Copy out the entire listing below exactly, but without its pictures.

Given material:
━━━━━━━━━━━━━━━━━━━━
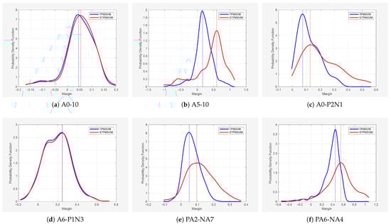 Distribution of classification margins for TPMSVM vs. STPMSVM across six representative datasets.
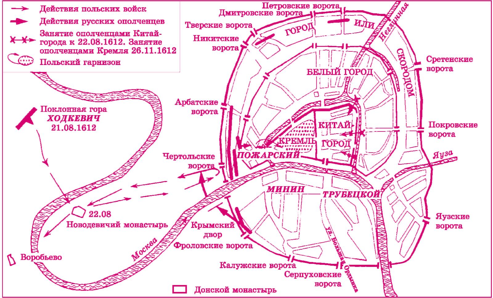 23 августа 1612 г. поляки попытались прорваться в Кремль со стороны Замоскворечья. Но Пожарский разгадал их маневр и отправил на правый берег Москвы-реки часть ополченцев. Противник был остановлен.
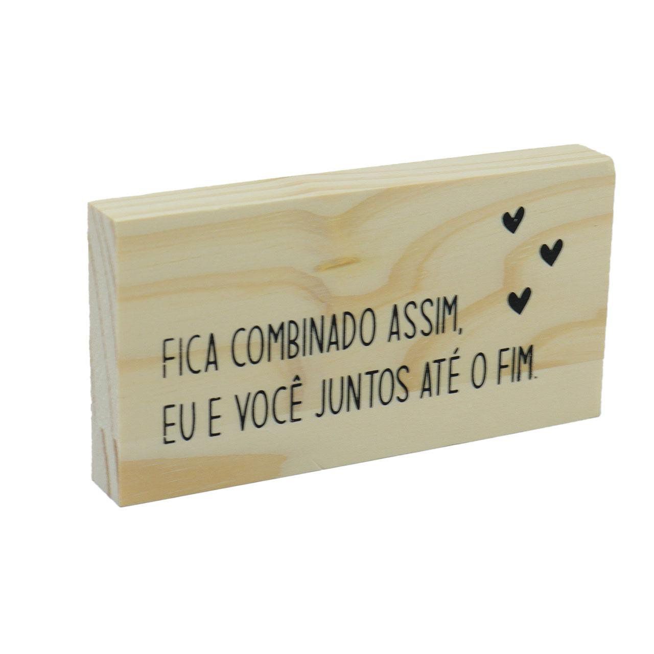 - Com acabamento rústico, fases da Lua frase "Fica Combinado Assim, Eu e Você Juntos até o Fim";
━━━━━━━━━━━━━━━━━━━━
Your solution:
 Distribution of classification margins for TPMSVM vs. STPMSVM across six representative datasets.
 23 августа 1612 г. поляки попытались прорваться в Кремль со стороны Замоскворечья. Но Пожарский разгадал их маневр и отправил на правый берег Москвы-реки часть ополченцев. Противник был остановлен.
 - Com acabamento rústico, fases da Lua frase "Fica Combinado Assim, Eu e Você Juntos até o Fim";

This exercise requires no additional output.